Give the data again exactly, without images.

▸ **Information provided**:
····················
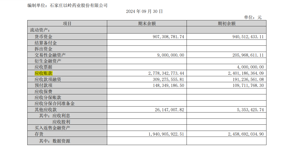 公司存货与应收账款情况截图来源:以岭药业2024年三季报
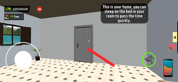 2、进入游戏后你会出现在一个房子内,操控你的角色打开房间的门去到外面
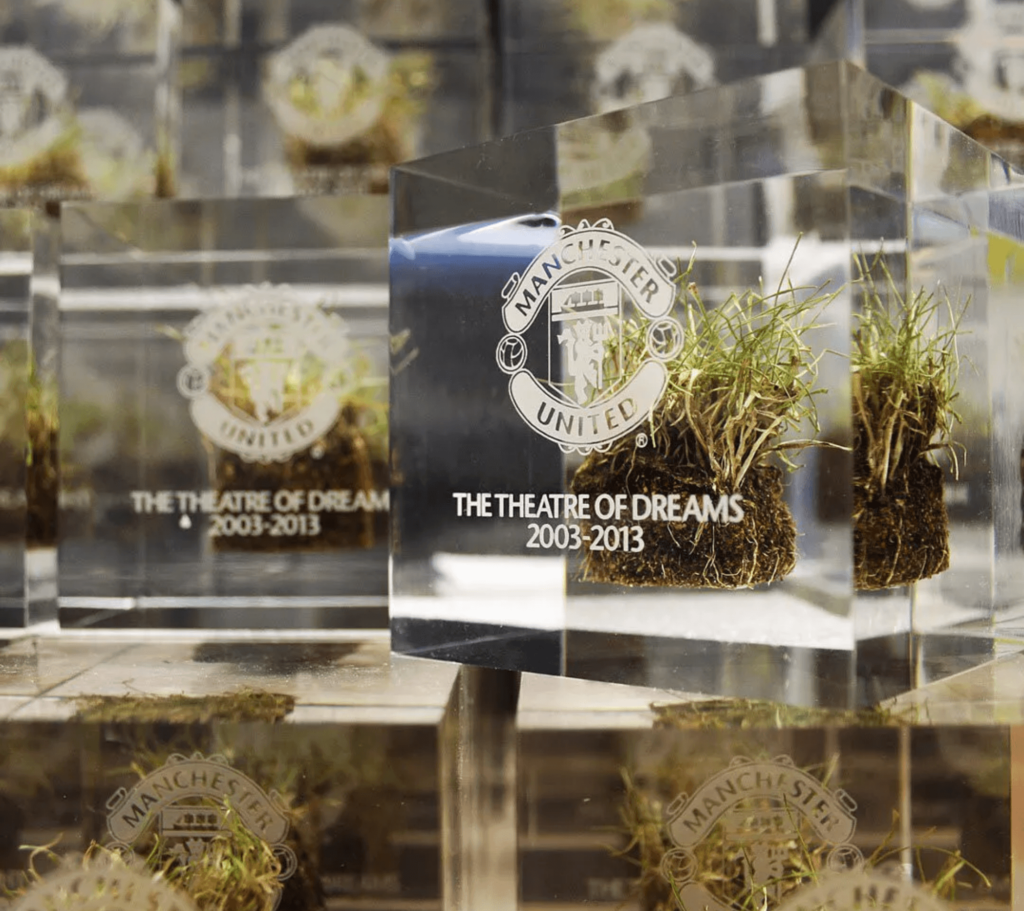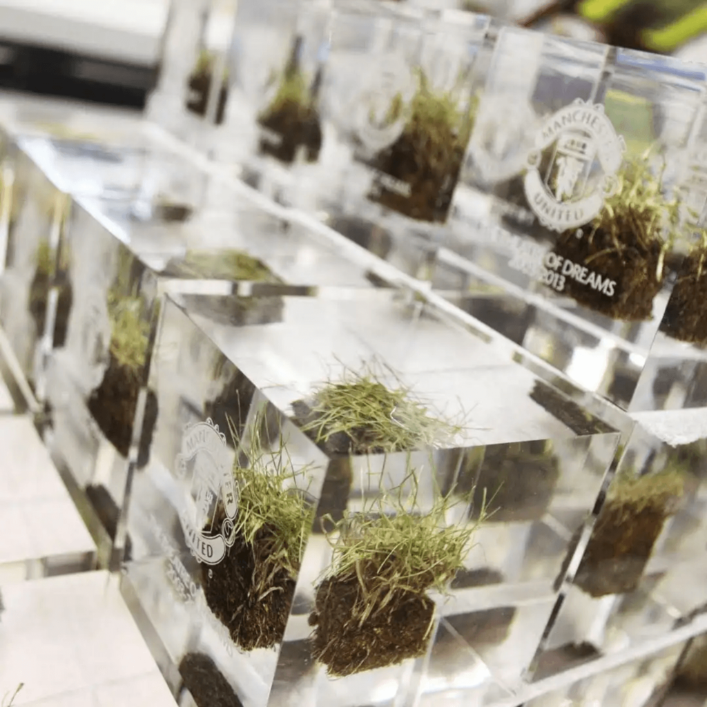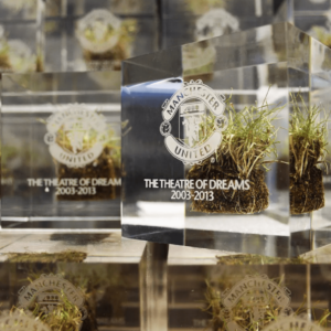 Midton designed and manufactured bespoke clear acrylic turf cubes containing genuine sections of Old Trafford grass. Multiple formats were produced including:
····················
▸ **Output for this exercise**:
 公司存货与应收账款情况截图来源:以岭药业2024年三季报
 2、进入游戏后你会出现在一个房子内,操控你的角色打开房间的门去到外面
 Midton designed and manufactured bespoke clear acrylic turf cubes containing genuine sections of Old Trafford grass. Multiple formats were produced including:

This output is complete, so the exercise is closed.